Benchmarking Go and C# async performance
Benchmarking Go and C# async performance
One large problem with async/await-based coroutines is that they are not very fast when compared with properly implemented fibers (aka “lightweight threads” or “goroutines”).
This is easy to demonstrate with a simple program:
package main
import (
"log"
"time"
)
func Calculate(val int) int {
if val == 0 {
return 0
}
res := Calculate(val - 1)
res += 1
return res
}
func main() {
start := time.Now()
var num int
for i := 0; i < 1000000; i++ {
num += Calculate(20)
}
diff := time.Now().Sub(start)
log.Printf("Val: %d, %d(ms)", num, diff.Milliseconds())
}
Its output:
cyberax@CybArm:~/simp/bench$ go run test.go
2023/03/16 17:14:47 Val: 20000000, 32(ms)

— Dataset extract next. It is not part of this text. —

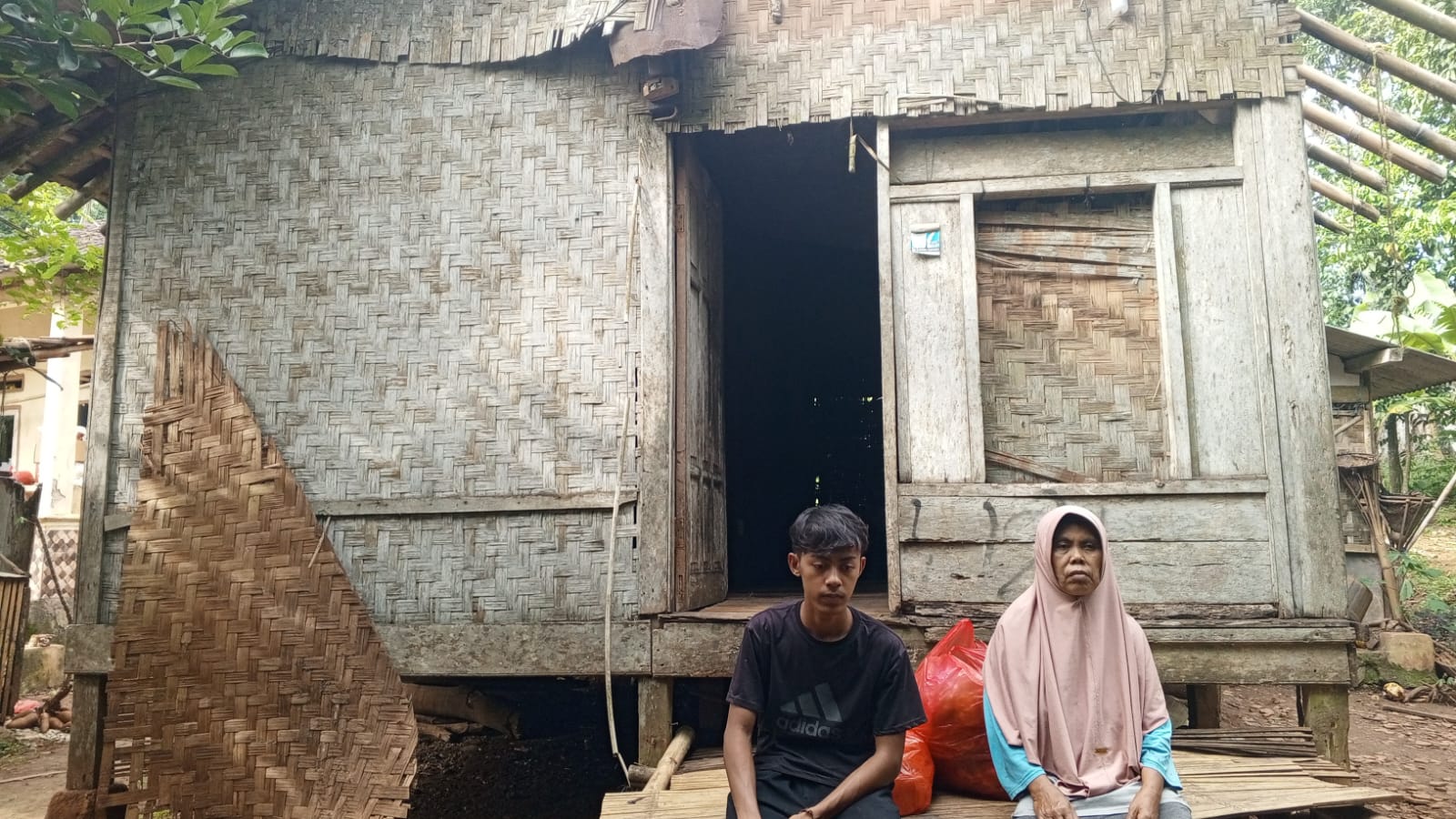 Rumah dinding terbuat dari anyaman bambu (bilik) yang sudah rapuh, lantai dari bambu yang sudah kusam, atap genteng jaman dulu atau disebut pontang yang sudah tua dimakan usia sehingga memungkinkan bocor kedalam rumah, pintu disamping ke arah dapur pun sudah rusak.

I'm going to use C# to implement the coroutine-based version:
using System;
using System.Diagnostics;
using System.Linq;
using System.Threading.Tasks;
namespace ChannelsTest
{
class Program
{
static async Task<int> Calculate(int val) {
if (val == 0) {
return 0;
}
int res = await Calculate(val - 1);
res += 1;
return res;
}
static void Main(string[] args)
{
int num = 0;
var sw = new Stopwatch();
sw.Start();
for (var i = 0; i < 1000000; i++) {
num += Calculate(20).Result;
}
sw.Stop();
Console.WriteLine($"Result is: {num}, {sw.Elapsed.TotalMilliseconds:0.000}ms");
}
}
}
Its output:
cyberax@CybArm:~/simp/bench$ dotnet run -c Release
Result is: 20000000, 492,313ms
This is caused by the C# version having to allocate a heap object to store the stack frame for each level in the Calculate function. In contrast, Go simply uses a normal stack, that can be grown as needed.